For FY19, CAPA has projected domestic airlines to collectively post a loss of $1.7 billion. The airlines are expected to improve their financial performance in FY20 on the back of lower fuel costs and pricing discipline. CAPA released its India outlook at a summit in New Delhi on Tuesday.
The consultancy expects industrywide loss between $500-700 million in FY20 with full-service airlines making a loss of $700-800 million and low-cost carriers making a profit of $100-150 million. The loss forecast assumes crude oil price at $65-70 per barrel and dollar-Rupee rate of $70-72.
CAPA expects domestic airlines to increase capacity by 20 per cent and add 90 planes in the next fiscal year. Around 30-35 of the new planes will be used for international expansion, which will be largely led by IndiGo, said Kapil Kaul, chief executive officer (South Asia), CAPA. Domestic traffic will grow by 14-16 per cent as airlines focus on international routes, CAPA has said.
In FY19, the domestic traffic growth is expected at 18 per cent and airlines are expected to carry 145 million passengers.
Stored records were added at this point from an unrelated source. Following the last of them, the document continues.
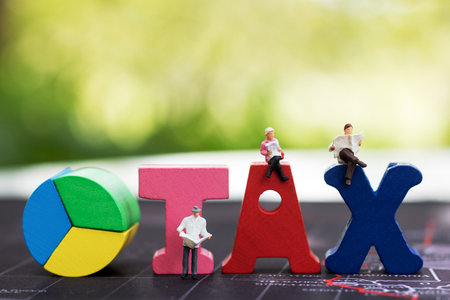 Miniature people siting on grid and blocks with the word TAX. The concept of wait to pay annual income (TAX) for the year.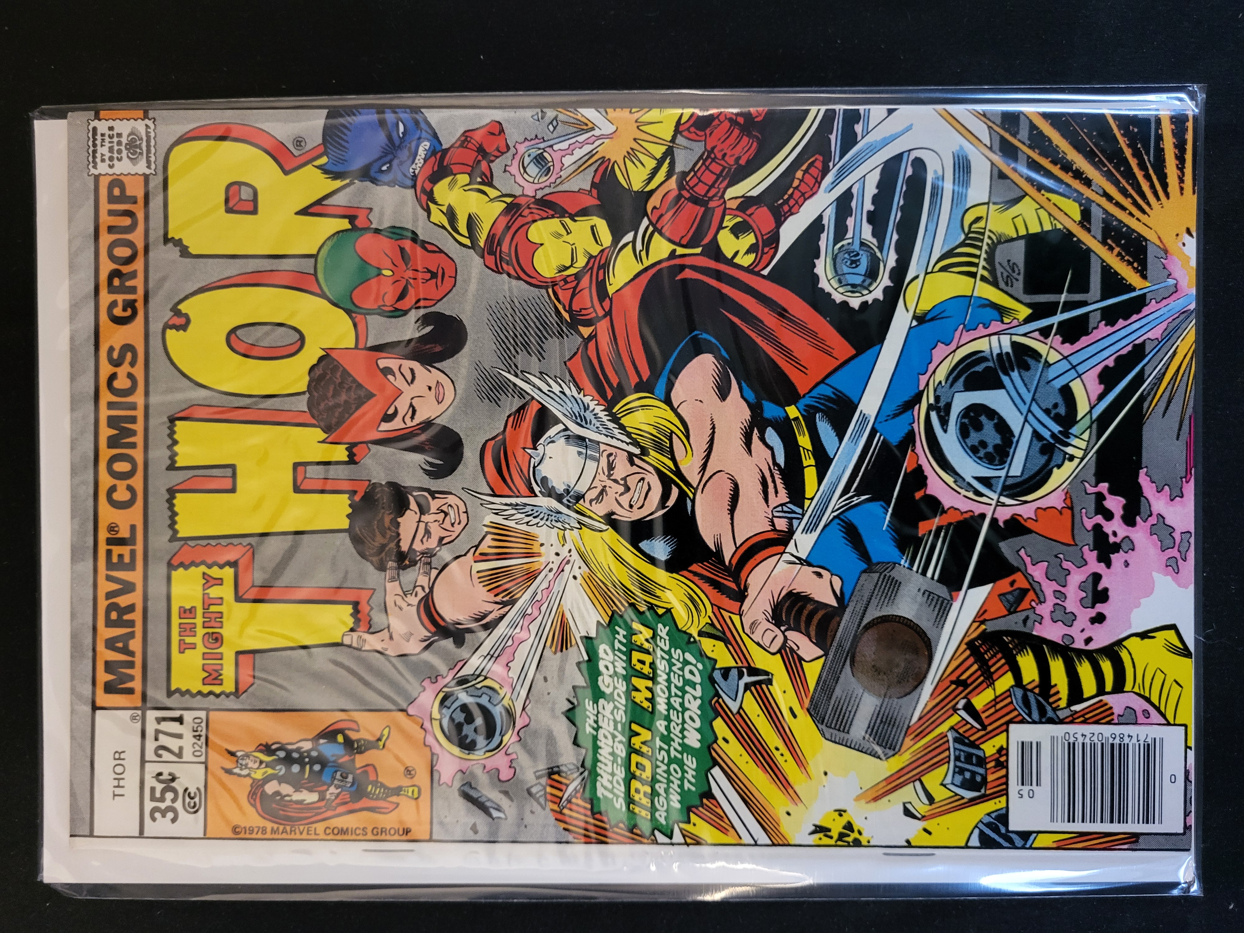 BID PER WHAT YOU SEE IN THE PHOTO, NOT THE AI GENERATED TITLES AND DESCRIPTIONS! A vintage American comic book titled The Mighty Thor, issue number 271, published by Marvel Comics Group in 1978. The cover features dynamic action illustrations of Thor and Iron Man, with a sidebar depicting members of the Avengers including Beast, Vision, Scarlet Witch, and Wonder Man. This issue features contributions by writer Len Wein. Identifying markings include a 35-cent price point, issue number 271, a UPC barcode, and a copyright date of 1978. The item is housed in a protective plastic sleeve with a backing board.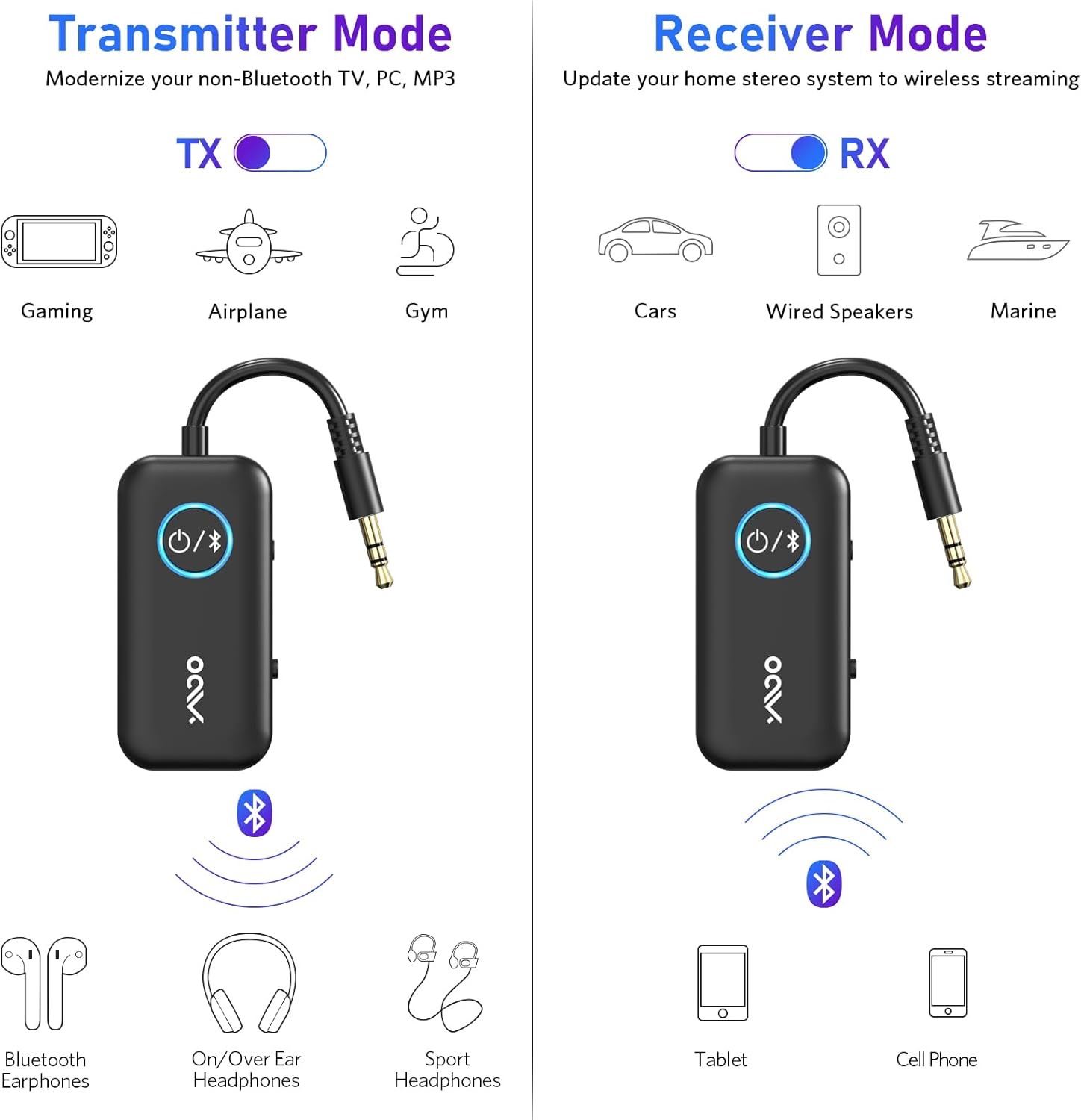 Plugs directly into any 3.5mm audio jack on any device and instantly gives you the ability to give it bluetooth to enable your own wireless bluetooth headphones or audio.

Another reason for softer demand in the domestic market would be rationalisation of fares.
Fares have hardened and airlines stopped last-minute discounting to improve their revenue.
SpiceJet Chairman Ajay Singh said average fares in domestic market had declined due to a massive capacity expansion and discounting.
He said Indian carriers needed to discover newer markets and that the airline was looking at medium-haul international routes with its Boeing 737 Max planes. “Our focus is to increase our yield and profitability,” he said.